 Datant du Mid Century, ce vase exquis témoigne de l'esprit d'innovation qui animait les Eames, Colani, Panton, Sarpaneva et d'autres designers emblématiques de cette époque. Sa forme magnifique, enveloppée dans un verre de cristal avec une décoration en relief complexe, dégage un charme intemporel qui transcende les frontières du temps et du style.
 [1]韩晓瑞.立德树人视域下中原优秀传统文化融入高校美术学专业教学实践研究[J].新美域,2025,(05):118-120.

---

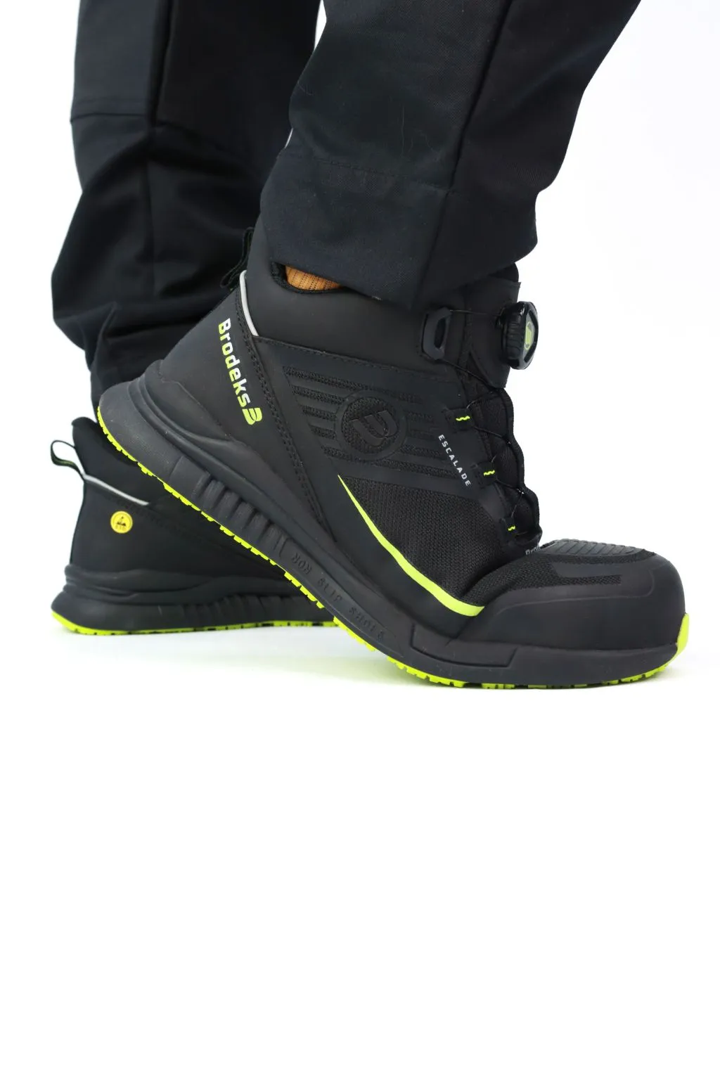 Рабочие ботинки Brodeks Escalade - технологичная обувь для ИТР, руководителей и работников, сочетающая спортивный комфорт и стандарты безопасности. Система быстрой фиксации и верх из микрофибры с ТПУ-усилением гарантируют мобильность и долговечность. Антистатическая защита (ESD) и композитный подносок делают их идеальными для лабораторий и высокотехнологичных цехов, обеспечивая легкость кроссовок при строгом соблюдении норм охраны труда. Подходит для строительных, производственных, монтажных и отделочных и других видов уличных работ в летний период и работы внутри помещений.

Problem description
Look above for the line with "Datant du Mid" and the line with "[1]韩晓瑞.立德树人视域下"; transcribe both and all lines in between, exactly, and nothing else.

Task answer
 Datant du Mid Century, ce vase exquis témoigne de l'esprit d'innovation qui animait les Eames, Colani, Panton, Sarpaneva et d'autres designers emblématiques de cette époque. Sa forme magnifique, enveloppée dans un verre de cristal avec une décoration en relief complexe, dégage un charme intemporel qui transcende les frontières du temps et du style.
 [1]韩晓瑞.立德树人视域下中原优秀传统文化融入高校美术学专业教学实践研究[J].新美域,2025,(05):118-120.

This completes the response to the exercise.